J'emprunterais ici deux très belles images de l'installation trouvées sur le site de Lunettes Rouges, éloquentes bien qu'elles ne remplacent pas l'expérience in situ, suivies d'une photographie d'époque. (J'espère qu'il me pardonnera cet emprunt, mon appareil photo vient de mourir.)

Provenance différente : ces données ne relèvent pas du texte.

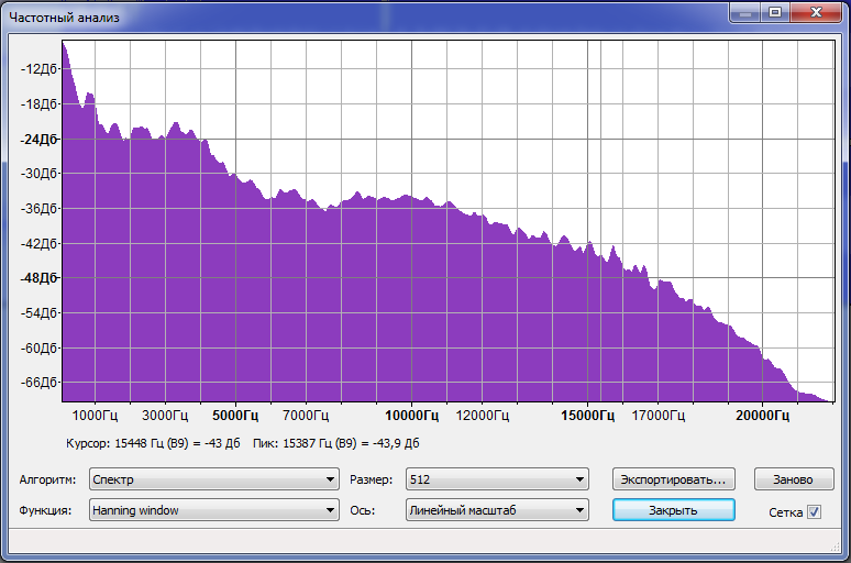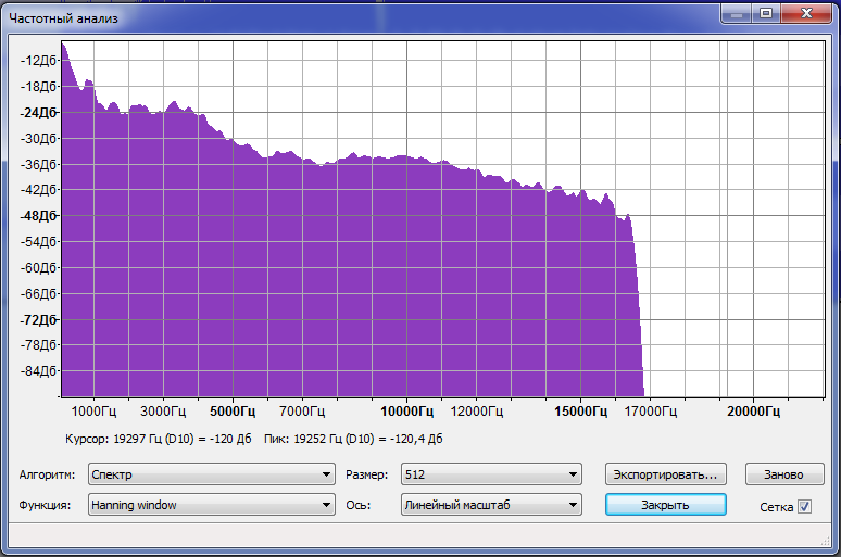 Сразу бросается в глаза резкая обрезка после 17 кГц. Этим и объясняется худшее звучание по сравнению с оригиналом.

Courtesy Galerie Patricia Dorfmann, Paris


S'il n'est plus besoin de noter l'importance de Michel Journiac dans l'histoire de l'art et sa présence extraordinaire dans l'imaginaire des artistes de toutes les générations mais si l'on trouve souvent des "traces" de ses performances transformées en reliques, il faut saluer l'engagement de la galeriste et la salutaire réactivation proposée par le commissaire. Une nouvelle performance est prévue samedi de 17h à 20h. Je ne saurais que trop vous recommander d'y aller.

Quant aux œuvres réunies pour l'occasion autour de "l'esthétique contemporaine du nu", l'on aurait envie d'en ajouter des centaines d'autres tant le sujet est vaste. Parmi celles présentées ici, les aquarelles de Rebecca Bournigault, que l'on avait coutume de retrouver, toujours avec joie, chez Frédéric Giroux, empruntent aux images pornographiques trouvées sur le web (sur U-Porn plus précisément) pour les isoler et leur donner un côté presque attachant, sensible, poétique.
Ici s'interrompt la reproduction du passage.